第八章

作者:李云德 | 字数:5166
  陈子义走到罗伟的跟前,上下打量罗伟一眼,看罗伟的脸色很阴沉,紧锁着眉头,局促不安地瞅着自己,心里很不自在,他看不惯这种晦气的样子。他不清楚罗伟跟小白闹什么别扭,但总觉得责任是在罗伟的身上,同情心完全站在小白那一边。他抬头往白冬梅住的**望望,望不见白冬梅的影子,转脸向罗伟说:

  “你为什么又跟白冬梅闹别扭?”

  罗伟有些没有好气地说:“她诚心要跟我闹,我有什么办法!”

  陈子义压不住心里的火,两眼注视着罗伟说:“我听说你不赞成她来普查队,怎么能叫她不生气。她怀着满腔热情走向工作岗位,怀着火热的心情扑向你,你呢,给她泼冷水!全队的人都那么热烈欢迎,而你却不赞成她这个举动,叫她怎么不失望。你呀,太不争气啦!”老头因为激动,说话有些语无伦次,他看罗伟垂下头,就不再说了。

  两个人沉默地站在草地上,既不说话也不离开。陈子义察觉到罗伟总是躲着自己,明白罗伟对自己很厌烦。他想:罗伟终究不是自己的子弟,不能一味教训,他早就提醒自己要注意态度,可是遇见不顺眼的事,总是控制不住自己的感情,现在后悔已来不及。他由口袋里掏出大烟斗,装上了一锅烟,吸着烟让自己的情绪平静下来。

  沉默了一会儿,陈子义取下烟斗,温和地说:

  “罗伟,这些日子你为什么总是躲着我,你生我的气吗?”

  罗伟说:“我深深知道你对我的一片心,别说你说我几句,就是打我几下我也不会生气。”

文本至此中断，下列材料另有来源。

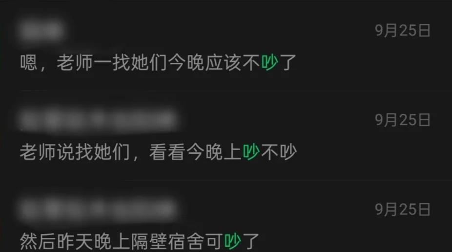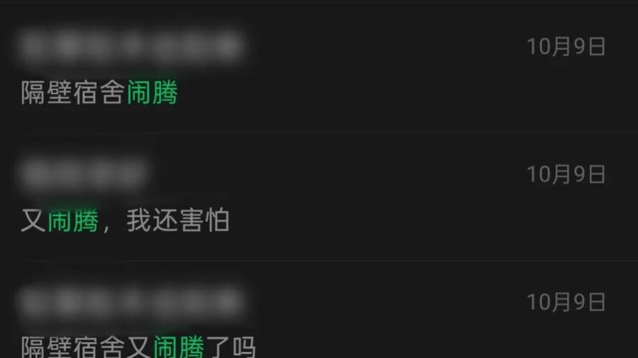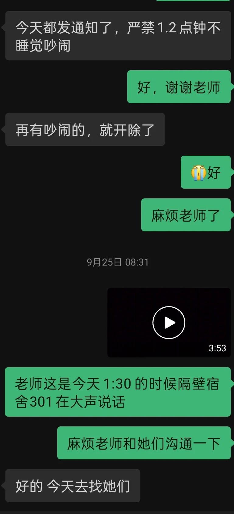 举报隔壁宿舍后被报复怎么办? 我们是考研寄宿宿舍,每个宿舍之间都不认识,我可以保证我们宿舍都特别安静,不管午休还是晚上十点半关灯后都是 1.隔壁宿舍的人不到11点半不去洗漱,去洗漱的路上还要在走廊唱歌,有时候半夜还唱戏曲真的很渗人(第二天我就直接把录音视频发给宿管了,宿管说她会去找她们,和我保证如果还在吵闹就让她们退宿舍) 2.半夜12点多用小音响在宿舍放歌唱歌,我去敲门告诉她们能不能小一点音乐,她们不唱了但依然放歌 3.昨天半夜11点多快十二点了,一直很吵在嘻嘻哈哈的,特别吵,我去敲了墙只安静了一秒?还是两秒,然后继续吵,白天的时候我去找了宿管,宿管还是说会去找她们 p2是我视频录音她们吵的时候,有发给宿管,p3是宿管和我保证再吵闹的宿舍会开除,其他的照片是我和我舍友的聊天记录,她们也都找过宿管但也没用 刚刚十几分钟前她们很大声的在宿舍说“隔壁的嘴真臭,就她们会敲墙是吧,以后我也敲”现在的情况就是隔一会她们就用东西特别用力的砸一下墙,我想问一下之后要怎么办啊?宿舍关系让人窒息的瞬间

  陈子义深深吁了一口气说:“我对你关怀很不够,不生气就好啊!我对你有些恨铁不成钢,总是希望你快进步。我的腿脚到底是笨了,头秃了顶,胡子也变得苍白,眼见是不中用了。我盼望你们这些青年更快地成长起来,我们国家多么需要出色的地质勘探人材呀!”

  罗伟表示理解地点点头。

  陈子义挨近他些,苦口婆心地说:“你要努力工作,努力学习,在你这种年龄的时候,正是增长知识的时候,青春不能虚度,到时候就追悔不及了。你要向佟飞燕学习,那个姑娘真是令人称赞,出校几年来已经钻研不少东西,前几天我看到她写的两篇论文,写的有一定的水平。现在你爬山勘察这是最实际的学习,要善于开动脑子,找参考书我那里有,有问题去找我,咱们来共同研究。”

  罗伟说:“好,我一定努力!”他看陈子义感情深重的样子有些感动,不过他不高兴老头见面就唠叨。

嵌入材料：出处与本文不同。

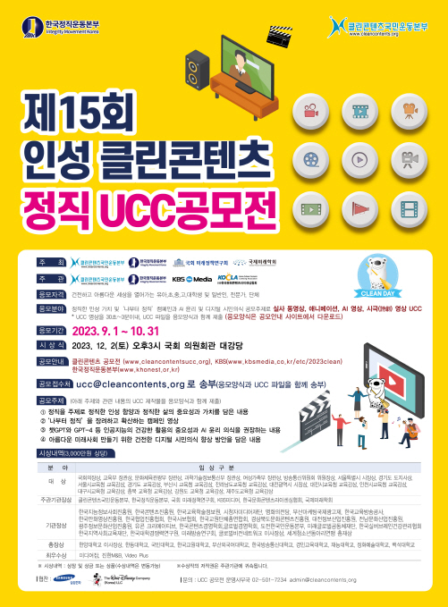 지난 20년간 꾸준히 우리 사회에 기독교 가치인 인성과 윤리를 확산하여 아름다운 세상을 만들기 위해 다양한 노력을 경주해온 클린콘텐츠국민본부(안종배 회장)는 2023년 9월 1일부터 한국정직운동본부(박경배 목사)와 공동 주최하고 국회 미래정책연구회, KBS미디어, 국제미래학회, 한국문화콘텐츠라이센싱협회와 공동으로 ‘제15회 인성 클린콘텐츠 정직 UCC 전국공모전’을 전국 최대 규모로 개최한다.  제15회에는 국회의장실 및 정부 부처 그리고 각 시도 교육청이 동참하고 삼성전자와 월트디즈니가 협찬하여 정직한 인성 가치 확산과 아름다운 세상을 위한 AI윤리 및 디지털 시민의식 향상을 위해 협력하고 있다.

  陈子义没有再说什么,罗伟离开了他后,他迈步向石头堆走去。

  陈子义走到石头堆边,弯腰看看石头。石头的块头几乎是一般大,有好几种颜色,黄的、黑的、白的,与花岗岩共生的云母片发着亮光。他伸手拿起两块花岗岩,揭下一片片的云母,把它撒在地上。他象白冬梅一样,看鲁云超对老猎人不够热情,觉得有些不过意。老猎人扛来一麻袋石头他并不感到意外,原来对此就没有抱什么希望,不过一个白发苍苍的老者,费了九牛二虎之力扛来这么一麻袋石头的行动却使他感动。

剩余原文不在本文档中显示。